Public meeting to discuss policing

Linda, along with Harmans Cross resident David Hollister have organised a public meeting to discuss policing in Purbeck, which the Dorset police and crime commissioner David Sidwick will be attending. All are invited to come along to the event at 7pm on Monday 12th June 2023 at Swanage Methodist Church on the High Street.

Dorset police and crime commissioner David Sidwick and chief constable Amanda Pearson

Police and crime commissioner for Dorset David Sidwick (left) and Dorset Police chief constable Amanda Pearson (right)

“All of our communities deserve good policing”

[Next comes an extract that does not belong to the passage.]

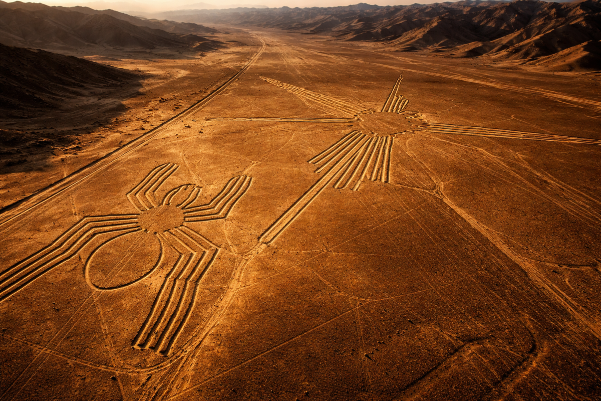 Представь: ты создаёшь гигантский рисунок, который сам никогда не сможешь увидеть целиком. Зачем? Они видны только с неба. Их нельзя увидеть с земли. И никто до сих пор не знает, зачем их сделали. 1920 - 30-е годы. Перу. Самолёты только начинают регулярно летать над пустыней. Пилоты смотрят вниз и не верят своим глазам. Под ними идеально ровные линии. Огромные фигуры. Геометрия, которую невозможно оценить с земли. Так мир впервые по-настоящему увидел Линии Наска. И вот тут начинается самое интересное. Если ты стоишь на земле - ты видишь почти ничего. Просто камни. Пыль. Пустыня. Но стоит подняться в воздух, и перед тобой раскрывается гигантская "картина". Что там можно увидеть: И главный вопрос: кто это сделал - и для кого? Вот что делает эту историю по-настоящему странной. И самое тревожное: Их невозможно увидеть целиком, находясь внутри них. Представь это ещё раз. Ты создаёшь гигантский рисунок, который сам никогда не сможешь увидеть. Зачем? Самая "классическая" гипотеза звучит разум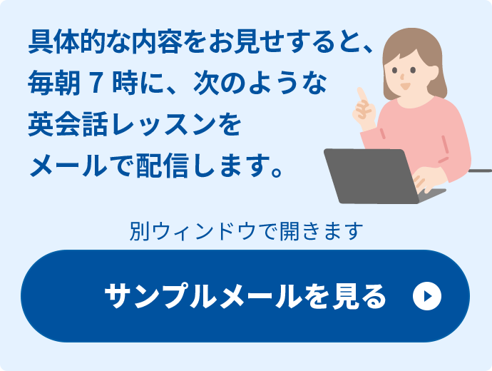 月曜日~金曜日まで、毎朝7時に英会話レッスンメールを配信し、メールで、オンライン英会話レッスンを受講するレッスンになっています。

Dorset Police Chief constable Amanda Pearson is a new recruit herself, having moved from the Met Police in London to take up her new role in March 2023. She hasn’t had that long to establish herself but said of the job:

“I love it – it’s a really good force. It’s not broken or in crisis but it does require consistent, stable leadership.

“The question is, what can we do to create a better environment for everyone in Dorset? I’m getting out and about and talking to communities. I haven’t formally visited Swanage, although as a keen rower, I’ve been to Swanage lots of times, but it’s on the list of places to visit in my new role.

“All of our communities deserve good policing. We have to ask ourselves, ‘Can we feel the difference that we’re making?’ That’s the ultimate goal!”